The mandatory public hearings on mining activity were a sketchy affair held in early 2003 when the issue was clubbed with the refinery’s proposed captive power plant. Legal experts say a public hearing is valid only for a period of five years and, therefore, a new hearing will have to be scheduled on mining in Niyamgiri.

The Dongria Kondh have been here for centuries and they have lived well from the richness of the Niyamgiri forest – its fruits and vegetables, its medicinal plants. “Our people know no other life and we will never leave our hill,” he says with finality. Others like Kumti Majhi, head of the Niyamgiri Suraksha Samiti (the association of tribes people to protect the hill), says there will be no let-up in the struggle.

Kumti had brought the woes of his people to international attention in 2007 when he was part of a protest organised outside the offices of Vedanta Resources during its AGM in August of that year.

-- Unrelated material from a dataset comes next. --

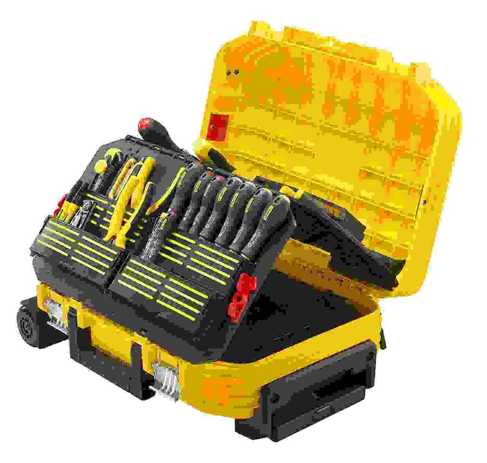 Stanley Fatmax kovček s priloženim orodjem - Robusten zaščitni kovček s kovinskimi zapahi - ojačan s steklenimi vlakni - Odstranljive in zložljive predelne stene za fleksibilnost in dosegjivost orodja med delom - Gumiran ročaj za izboljšan oprijem in udobje - Zaščita posode s steklenimi vlakni s kovinskimi zaponkami - Odstranljve "posodice" za lažjo organizacijo - Harmoničasta zasnova za boljšo dostopnost in pregled nad orodjem - Podporne noge na hrbtni strani pokrova za dodatno stabilnost med odpiranjem - Kartica z imenom in zaklepanjem z obešanko - Vključen obsežen komplet orodja

For Vedanta, the hilltop ceremony is the clearest rebuff yet from the people on whom it claims to have lavished basic facilities that have been missing in the region from roads, bridges, schools, hospitals, drinking water and electricity to sustainable livelihood for the community at large”.

The latest setback is the adverse reports filed last Friday by a three-member fact-finding on the alleged violations of the Forest (Conservation) Act, specially with regard to the rights of the tribal people in the area. The final clearance for mining will be given by the Forest Advisory Committee of MoEF after going through the reports.

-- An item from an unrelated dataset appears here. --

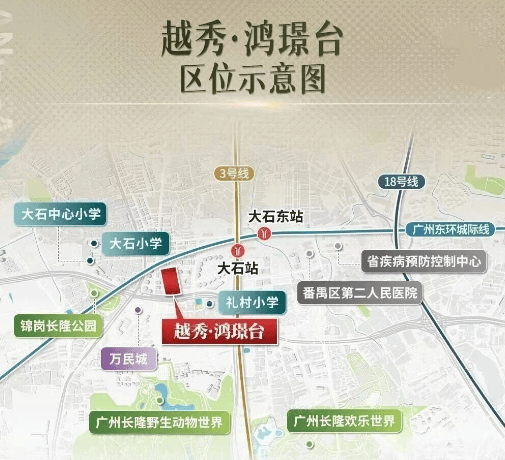 越秀·鸿璟台位于番禺大石板块南大干线北侧,距离地铁3号线大石站步行约700米。这个距离不算近也不算远,日常通勤完全可接受。坐3号线,1站到万博,6站就能抵达珠江新城;如果未来广州城际大石东站启用,2站琶洲、3站金融城也变得触手可及。更值得留意的是规划中的26号线群贤路站(环评已通过),它与3号线平行,未来有望进一步分流高峰期的客流压力。自驾方面,南大干线和新光快速就在家门口,一脚油门半小时内能覆盖长隆、万博甚至琶洲核心区域。项目还在临近主干道一侧设置了约2500㎡的防护绿地,相当于一道天然隔音屏障,在便利与安静之间做了平衡。

But Kumar said one of the reports by Usha Ramanathan of the Centre for the Study of Developing Societies on tribal rights was “biased and should not be considered in view of Ramanathan’s past association with the foreign NGO Amnesty” and because she had “exceeded the terms of reference given by MoEF.”

The fate of the Dongria Kondh and Vedanta’s aluminium project will depend on what the FAC decides in coming days.